Des flagellations semblables caractérisaient les lupercales, fêtes
de la fécondité. Après les sacrifices au dieu Pan, les prêtres «
luperques » couraient à travers la ville en hurlant et en frappant
la foule de lanières de cuir. Des femmes enceintes offraient leur
ventre à ces coups. C'est de ces manifestations, caractéristiques
du délire mystique, que sont sorties les pratiques des flagellants
perpétuées à travers les siècles jusqu'à nos jours où viennent
de se produire les aventures du curé de Bombon. Une extase
particulière était attribuée aux corybantes qui exécutaient des
danses armées comme les curètes et les telchines. C'était une
autre forme de folie mystique. Elle s'est appelée corybantisme
lorsqu'elle s'est manifestée au XVIème et au XVIIème siècle.
(Voir plus loin au sujet de toutes ces aberrations renouvelées par
le Christianisme).
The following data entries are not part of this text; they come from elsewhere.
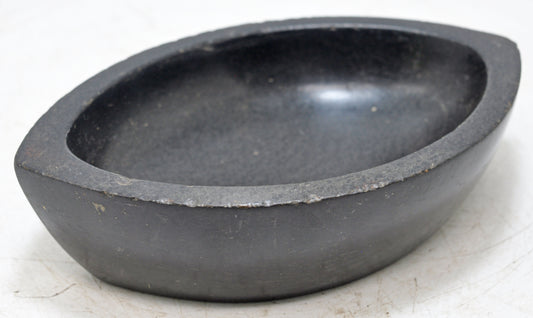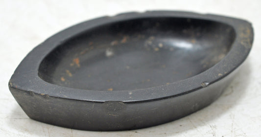 Antique Black Stone Oval Kharal Bowl Original Old Hand Carved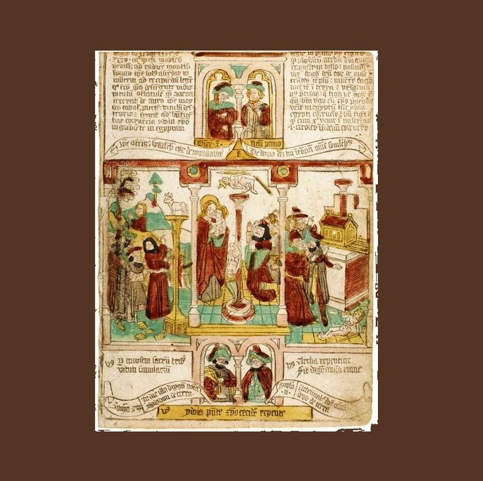 【#西洋の木版画展 作品紹介2『貧者の聖書』】出品作のなかでも古い作品のひとつで、元は40図からなる書物の1頁。絵と文字は同じ版木で彫られています。ページ全体が一枚の木版画なのです。棒などで紙の裏面からきつく擦って刷るため紙に強い凹凸がつくのが特徴で、片面にしか印刷できません。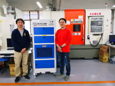 經過設備商的說明,在教室內設置工業用空氣淨化機,大幅減少CNC車床產出的油氣、粉塵汙染,不僅能照護到學生與老師的健康外,也能保護數位資訊、電腦設備,避免遭受車床油霧汙染,導致高損壞率,延長電子設備的使用年限。
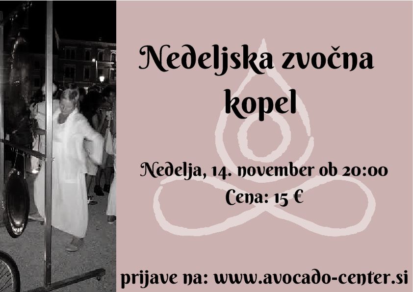 Zvočna kopel je skupinsko sproščanje ob vibracijah holističnega zvoka gonga, tibetanskih pojočih posod in kristalnih posod, ki nas povežejo z višjimi aspekti življenja. Intuitivno se vključijo tudi ostala glasbila – šamanski boben, ropotuljice, zvončki, dežne palice, itd., ki nas povežejo s štirimi elementi - zemljo, vodo, zrakom in ognjem. Močne vibracije zvoka pomagajo sprostiti stres, ki se je nabral preko tedna, zrahljajo blokade in podpirajo samozdravljenje našega fizičnega, čustvenega in energetskega telesa.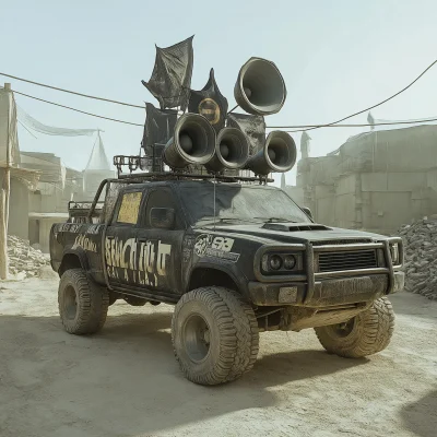 A sleek and modern matte bronze pickup truck with tinted windows and luxury black rims, set against a backdrop of sandy desert dunes. The thick tires and futuristic design of the vehicle give it a rugged yet sophisticated appearance.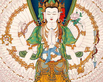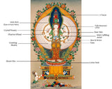 Traditionally Buddhist Hand-Painted Chenrezig 1000 Arms Thangka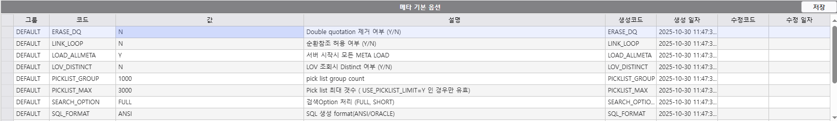 2. 메타 공통옵션 : DB Connection별 Meta의 옵션이없을때 사용하는 기본옵션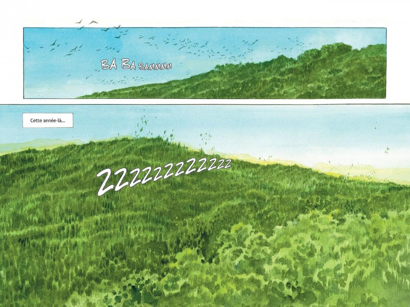Wataru arrive dans la région à l’âge de neuf ans. Il est dans une situation de quasi orphelinat. Ces grands-parents l’accueillent dans cette contrée reculée du Japon. Jusque-là il avait vécu à Tokyo. Son intégration s’avère difficile notamment avec les autres enfants du village mais la forêt exerce sur lui une profonde attirance. En effet, des voix lui parviennent de cette forêt. Les animaux lui parlent et l’encouragent à pénétrer dans cette luxuriante et encore vierge nature. L’album de Taniguchi est débarrassé de toute contrainte. Les cases peuvent occuper l’ensemble d’une page ou même deux. Le sens de la lecture de ces images, parfois sans parole, varie. A la fin du livre, l’éditeur de Taniguchi témoigne du travail effectué. Il en explique l’originalité et décrit la mutation graphique qui était en cours.

Comme les prêtres de Cybèle, les prêtres
saliens chantaient et dansaient, aux carrefours, pour les fêtes de
mars et d'Hercule. Les prêtres d'Isis faisaient de même sous des
accoutrements étranges. Au culte de Cybèle se rattachait
particulièrement celui de Déméter, sa fille, symbolisant la
fécondité de la terre et que les Romains identifièrent avec Cérès.
C'est en l'honneur de Déméter que se célébraient les mystères
d'Eleusis, Les bacchantes et les ménades y dansèrent lorsque ces
mystères réunirent les cultes dionysiaque et orphique à celui de
Déméter. Des fêtes de Cérès sont sorties celles, chrétiennes,
des Rogations. La plupart des mystères et des danses religieuses
avaient le caractère orgiaque qui marqua les réjouissances
populaires lorsque le culte des dieux devint public, tel, à Rome,
ceux de Vitula, déesse de la joie, de Volupia, déesse de la
volupté, et de nombre d'autres. Mais les plus grandes réjouissances
étaient pour les fêtes de Dionysos, en Grèce, appelé Bacchus à
Rome. Les dionysies grecques furent d'abord réservées à des
initiés. Les bacchantes, prêtresses de Bacchus, y dansaient
accompagnées de chants dithyrambiques. Lorsque les dionysies
devinrent populaires, elles comprirent des divertissements
champêtres, des banquets, des processions grotesques, des concours
poétiques, des danses où les bacchantes se mêlèrent à la foule.
Elles conservèrent en Grèce une certaine décence, mais
lorsqu'elles passèrent à Rome et devinrent les bacchanales, du nom
des bacchantes qui fut donné à toutes les femmes qui y
participèrent, elles furent le prétexte d'une débauche sans frein.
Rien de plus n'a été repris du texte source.